Earlier this week, aviation photographer @aeros808 posted images of two AIM-174Bs mounted on an F/A-18E Super Hornet from the VFA-192 “Golden Dragons” at Joint Base Pearl Harbor-Hickam, Hawaii. These Super Hornets were spotted carrying inert variants of this new air-launched munition during exercises in the present Rim of The Pacific 2024 maritime combat, more commonly referred to as RIMPAC 2024. In one of the photos taken from these exercises, the designation on the weapon could be read as the new AIM-174B with “NAIM-174B” painted on the side of the forward fuselage.

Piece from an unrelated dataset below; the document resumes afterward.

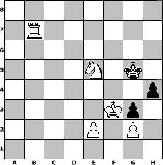 game notation in PGN-format [Event "Impfen ist Pflicht :-)"] [Site "www.myChess.de"] [Date "2021.04.29"] [Round "1"] [White "kalle"] [Black "Mynona"] [ECO "C51"] [WhitemyELO "1610"] [BlackmyELO "1324"] [Result "1-0"] [TimeControl "10/2592000"] [WhiteDays "150"] [BlackDays "150"] [MyChessNo "122033"] 1. e4 e5 2. Nf3 Nc6 3. Bc4 Bc5 4. b4 Bxb4 5. c3 Bc5 6. O-O d6 7. d4 exd4 8. cxd4 Bb6 9. Bb2 Nf6 10. Ng5 O-O 11. Na3 Qe7 12. e5 dxe5 13. dxe5 Nxe5 14. Bb3 Nfg4 15. Nf3 Nxf3+ 16. Qxf3 Nf6 17. Nc4 Be6 18. Rfe1 Rad8 19. Qxb7 Qc5 20. Ne3 Bd5 21. Qa6 Qa5 22. Qxa5 Bxa5 23. Bxf6 Bxe1 24. Bxd8 Bxf2+ 25. Kxf2 Bxb3 26. axb3 Rxd8 27. Rxa7 c5 28. Rc7 Rb8 29. Rxc5 g6 30. Rc3 h5 31. Nc2 Kg7 32. b4 f5 33. Rb3 Kh6 34. b5 g5 35. b6 g4 36. b7 h4 37. Nd4 f4 38. Nc6 Rxb7 39. Rxb7 g3+ 40. hxg3 fxg3+ 41. Kf3 Kg5 42. Ne5 1-0 position notation in FEN-format 8/1R6/8/4N1k1/7p/5Kp1/4P1P1/8 - - - 3 42 Captured white pieces: Captured black pieces: Click on a captured piece in order to display the desired move!

The AIM-174B is based on the RIM-174 Standard Extended Range Active Missile, ERAM, designed to engage inbound air-breathing threats from beyond the horizon. From a Mk. 41 vertical launch tube, one can engage targets at an unclassified range of at least 230 miles. For the air-launched variant, as deployed from a high-speed, high-altitude fighter, like the F/A-18, the range would be over this value.

The AIM-174B could enable the Super Hornet to serve as a kind of “missile truck” for F-35Cs sneaking hundreds of feet further forward into contested airspace. The F-35s could detect targets using their powerful AN/APG-81 radar arrays, and then relay those coordinates back to the Super Hornets, which would launch the AIM-174Bs from hundreds of miles out. This integration with the Naval Integrated Fire Control-Counter Air concept is important, as it closes with a target until its onboard radar seeker takes over.

The AIM-174B is a quite large missile with great range and thus is bound to be an effective weapon. It would most probably be employed to disrupt kill chains on key platforms such as the Shaanxi KJ-500 airborne early warning and control aircraft and UAVs like the Harbin BZK-005 and Tengden TB-001. Its effectiveness is increased by its receipt of real-time targeting information from assets other than the launch platform, such as AEW&C aircraft, UAVs, and possibly F-35s.

Justin Bronk, a senior research fellow with the Royal United Service Institute, said: “The AIM-174B should enable the USN’s carrier air wings to threaten big-wing ISTAR and reconnaissance assets and bombers from sufficiently long ranges as to increase the survivability of carrier battle groups through increasing missile salvo warning times and disrupting some kill chain options.”.

Deployment of the AIM-174B sends a clear signal, whose anti-access/area denial strategy depends on extended kill chains with long-range fires, that the US Navy is by no means standing still in its innovation for defense capabilities.